Dataset records:
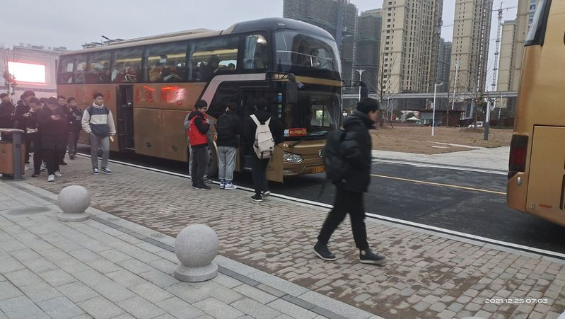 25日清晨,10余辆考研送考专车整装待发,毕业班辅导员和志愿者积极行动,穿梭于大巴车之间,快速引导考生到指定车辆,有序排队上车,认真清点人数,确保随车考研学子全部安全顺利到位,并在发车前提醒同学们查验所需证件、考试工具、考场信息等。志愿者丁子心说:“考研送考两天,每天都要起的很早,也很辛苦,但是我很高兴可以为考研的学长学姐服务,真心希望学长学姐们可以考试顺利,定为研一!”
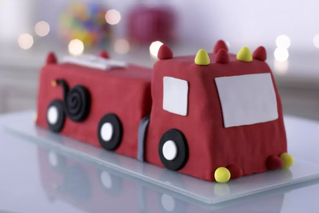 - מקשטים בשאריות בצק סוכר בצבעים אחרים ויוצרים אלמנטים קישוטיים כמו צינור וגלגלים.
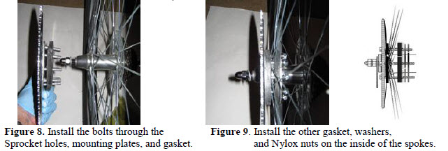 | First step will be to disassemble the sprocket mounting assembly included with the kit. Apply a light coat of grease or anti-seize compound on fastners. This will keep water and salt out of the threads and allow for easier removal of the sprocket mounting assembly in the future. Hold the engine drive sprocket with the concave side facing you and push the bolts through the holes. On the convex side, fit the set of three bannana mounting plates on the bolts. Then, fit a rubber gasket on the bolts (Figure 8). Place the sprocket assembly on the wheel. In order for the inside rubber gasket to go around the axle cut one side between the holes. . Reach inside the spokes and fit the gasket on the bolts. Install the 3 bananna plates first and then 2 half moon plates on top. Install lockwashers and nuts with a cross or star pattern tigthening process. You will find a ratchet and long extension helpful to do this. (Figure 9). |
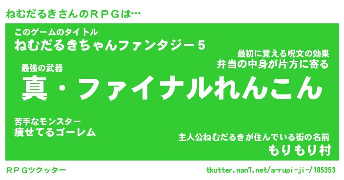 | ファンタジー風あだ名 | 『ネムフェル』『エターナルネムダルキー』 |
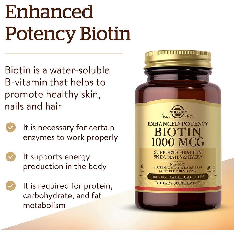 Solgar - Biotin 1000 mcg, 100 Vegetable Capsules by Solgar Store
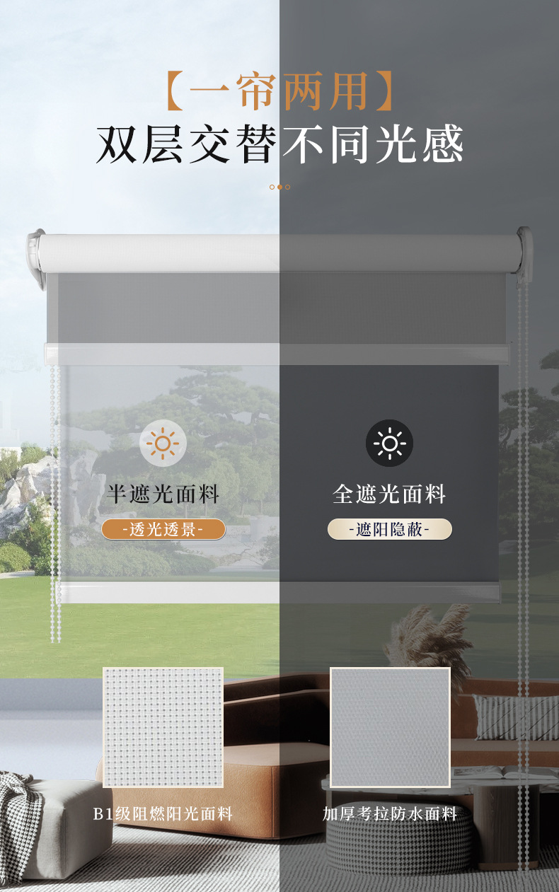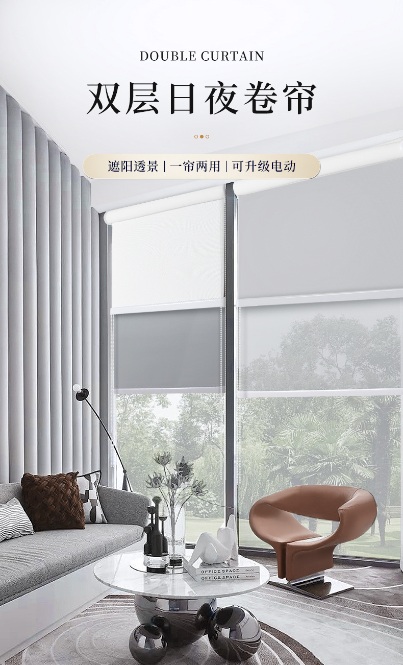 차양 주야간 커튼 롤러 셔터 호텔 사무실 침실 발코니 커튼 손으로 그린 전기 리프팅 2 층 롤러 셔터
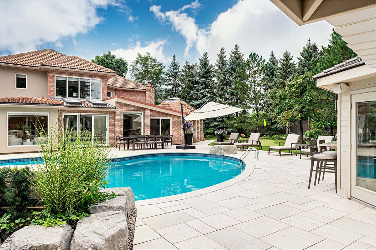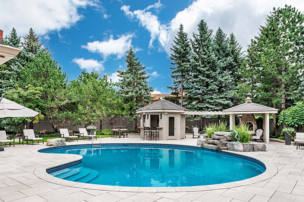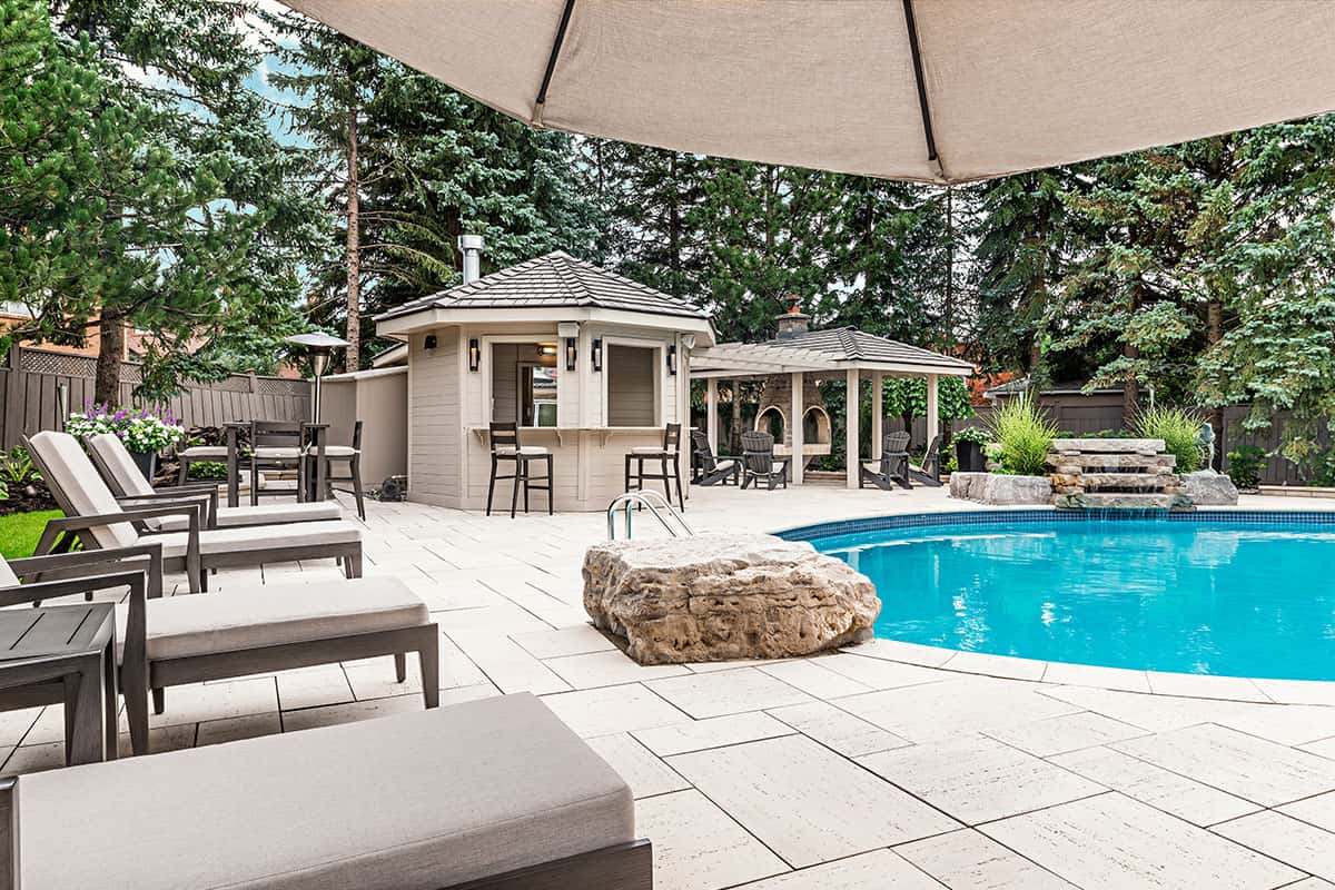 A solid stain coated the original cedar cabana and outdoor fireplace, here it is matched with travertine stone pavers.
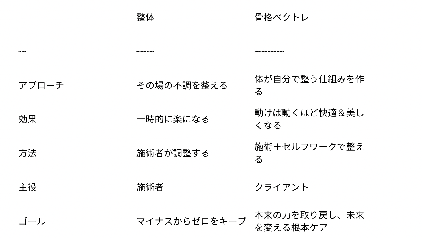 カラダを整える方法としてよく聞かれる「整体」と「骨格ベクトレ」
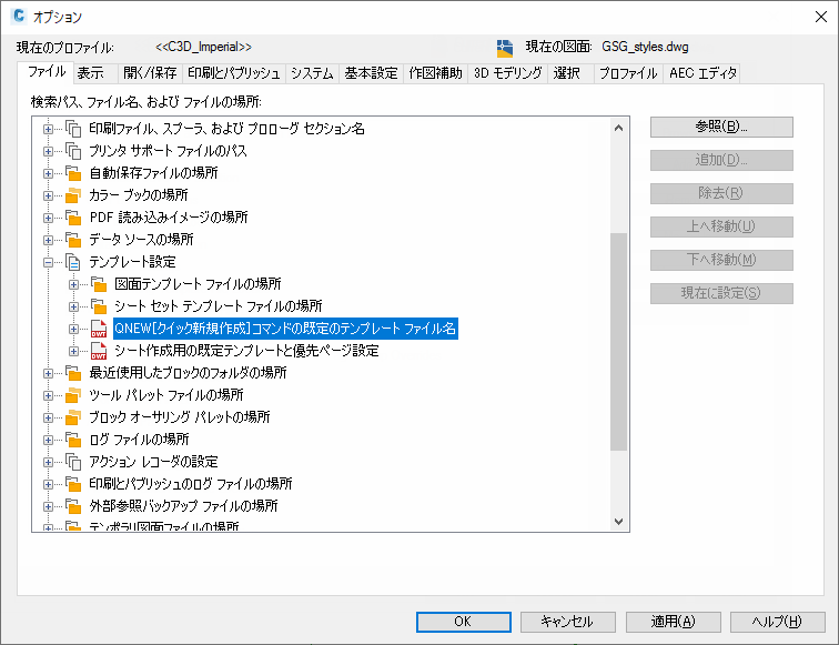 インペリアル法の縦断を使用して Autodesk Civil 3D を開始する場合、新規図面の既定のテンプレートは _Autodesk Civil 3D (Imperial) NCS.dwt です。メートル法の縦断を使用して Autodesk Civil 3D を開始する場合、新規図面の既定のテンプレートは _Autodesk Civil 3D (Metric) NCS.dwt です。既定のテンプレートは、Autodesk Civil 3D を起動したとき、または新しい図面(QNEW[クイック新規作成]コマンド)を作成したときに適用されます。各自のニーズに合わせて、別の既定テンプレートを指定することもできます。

Try it: Each record above needs to be retyped exactly, without any pictures.

Problem solution:
 25日清晨,10余辆考研送考专车整装待发,毕业班辅导员和志愿者积极行动,穿梭于大巴车之间,快速引导考生到指定车辆,有序排队上车,认真清点人数,确保随车考研学子全部安全顺利到位,并在发车前提醒同学们查验所需证件、考试工具、考场信息等。志愿者丁子心说:“考研送考两天,每天都要起的很早,也很辛苦,但是我很高兴可以为考研的学长学姐服务,真心希望学长学姐们可以考试顺利,定为研一!”
 - מקשטים בשאריות בצק סוכר בצבעים אחרים ויוצרים אלמנטים קישוטיים כמו צינור וגלגלים.
 | First step will be to disassemble the sprocket mounting assembly included with the kit. Apply a light coat of grease or anti-seize compound on fastners. This will keep water and salt out of the threads and allow for easier removal of the sprocket mounting assembly in the future. Hold the engine drive sprocket with the concave side facing you and push the bolts through the holes. On the convex side, fit the set of three bannana mounting plates on the bolts. Then, fit a rubber gasket on the bolts (Figure 8). Place the sprocket assembly on the wheel. In order for the inside rubber gasket to go around the axle cut one side between the holes. . Reach inside the spokes and fit the gasket on the bolts. Install the 3 bananna plates first and then 2 half moon plates on top. Install lockwashers and nuts with a cross or star pattern tigthening process. You will find a ratchet and long extension helpful to do this. (Figure 9). |
 | ファンタジー風あだ名 | 『ネムフェル』『エターナルネムダルキー』 |
 Solgar - Biotin 1000 mcg, 100 Vegetable Capsules by Solgar Store
 차양 주야간 커튼 롤러 셔터 호텔 사무실 침실 발코니 커튼 손으로 그린 전기 리프팅 2 층 롤러 셔터
 A solid stain coated the original cedar cabana and outdoor fireplace, here it is matched with travertine stone pavers.
 カラダを整える方法としてよく聞かれる「整体」と「骨格ベクトレ」
 インペリアル法の縦断を使用して Autodesk Civil 3D を開始する場合、新規図面の既定のテンプレートは _Autodesk Civil 3D (Imperial) NCS.dwt です。メートル法の縦断を使用して Autodesk Civil 3D を開始する場合、新規図面の既定のテンプレートは _Autodesk Civil 3D (Metric) NCS.dwt です。既定のテンプレートは、Autodesk Civil 3D を起動したとき、または新しい図面(QNEW[クイック新規作成]コマンド)を作成したときに適用されます。各自のニーズに合わせて、別の既定テンプレートを指定することもできます。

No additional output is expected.